Cette ville dans la ville, avec sa citadelle du XVIe siècle des frères Barberousse, ses mosquées, ses palais ottomans, ses hammams et ses petites maisons, a subi des tremblements de terre, des incendies et des inondations qui ont fragilisé ses constructions quand ils ne les ont pas tout simplement détruites. L’Unesco a décerné, en 1992, la distinction de « valeur exceptionnelle » à la médina algéroise soulignant un « système complexe et original qui s’est adapté (...) à un site fortement accidenté », sur le flanc d’une colline de 118 m de dénivelée. Mais peu de mesures ont été prises et sans doute pas assez rapidement depuis pour protéger la Casbah avec ses 105 hectares et plus d’un millier de maisons restantes, selon les estimations. Ainsi, explique Abdelwahab Zekkar, directeur de l’Office national de gestion et d’exploitation des biens culturels protégés (OGBC), le plan de sauvegarde a été lancé en janvier 2007 seulement. « Et les études se sont terminées en mai 2010, donc cela a duré plus de 3 ans », souligne-t-il. Ces bâtiments, à « plus de 80 % des propriétés privées », ont été abandonnés durant la guerre civile des années 1990 offrant avec les ruelles tortueuses un repaire de choix aux islamistes, après avoir été dans les années 1950 celui des indépendantistes. Les gens ont alors « fait ce qu’ils voulaient », y construisant n’importe quoi n’importe comment. Errer dans cette médina réserve bien des surprises. Quelques maisons ont été restaurées sur les hauteurs, ou un palais par-ci, une mosquée par-là, tandis que la citadelle a été confiée à des rebâtisseurs polonais.

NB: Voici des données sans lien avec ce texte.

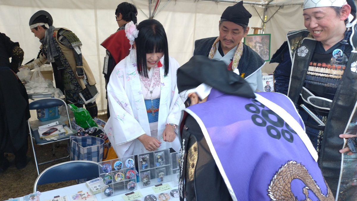 #サムライニンジャフェスティバル2025 にて、#古戦場おもてなし武将隊関ケ原組 の #細川興元 様が、#京都·長岡京おもてなし武将隊つつじ のブースにて、お買い物中の様子。 pic.x.com/Hn5UAPF66R

Mais la surpopulation et l’insalubrité règnent dans la majorité des rues, où nombre de maisons s’écroulent. Entre les échafaudages, les armatures en bois ou les poutres métalliques qui retiennent les murs, des terrains vagues remplis de détritus malodorants font le bonheur des chats errants. « Aujourd’hui, elle est en train de tomber », déplore Faïdi, lauréat l’an dernier du prix national d’architecture. Le site « est en pente et donc toutes les maisons s’appuient l’une sur l’autre », relève Zekkar. Et lorsque l’une glisse « tout le reste peut s’écrouler derrière ». Certes, les habitants les plus menacés par l’écroulement de leur toit sont relogés. Mais aussitôt un cousin, un voisin, un ami s’installe dans ces locaux pour exiger à son tour d’être relogé. « Un véritable trafic », déplore Halim Faïdi, un architecte spécialiste de la Casbah. Déjà, la démographie a considérablement gonflé sa population, note de son côté le responsable de l’OGBC. « Forte de 25 à 30 000 âmes dans les années 1800, cette cité née en 950 abrite maintenant plus de 51 à 52 000 âmes », dit-il. Sans compter que les Français durant leur occupation (1830-1962) l’ont découpée et amputée de sa partie basse qui la reliait à la mer.
Des fonds publics pour la restauration
Certains habitants ont de la chance. Ainsi, Nasser Eddine Meziane retape la maison héritée de ses parents, aidé d’un plombier et d’un maçon avec des fonds publics. « Je ne suis qu’un simple travailleur qui gagne 18 000 dinars (le S.M.I.C., 180 euros) par mois, alors que la restauration est estimée à 60 000 euros. On a fait presque 6 mois de travail », dit-il, effectuant la visite guidée. « On a changé les plafonds, les planchers et les égouts. On a travaillé un peu les murs en les décapant », ajoute-t-il.
L’Agence nationale des secteurs sauvegardés est chargée de négocier avec les propriétaires pour les aider à restaurer, monter les dossiers financiers ou racheter les parcelles vides pour reconstruire. Cela n’empêche pas d’autres organismes — préfecture, ministère ou comités de quartiers — de se disputer les priorités.
« La Casbah est toujours vivante, mais elle est très malade », affirme Zekkar, en espérant que d’ici 10 ans « on retrouve un peu ce site de la Casbah ». Les autorités veulent relancer les anciens métiers pratiqués dans la cité : la menuiserie, le travail du cuivre, du cuir ou encore la production de tomettes ou autres revêtements pour restaurer dans la tradition. Et pour Faïdi, « la Casbah est une ville et la réponse doit être une réponse d’urbaniste », c’est-à-dire qu’« il faut la réhabiliter » : au-delà d’une restauration le plus possible à l’identique, il faut prévoir quelle population y vivra dans 20 ans et ce qu’elle y fera.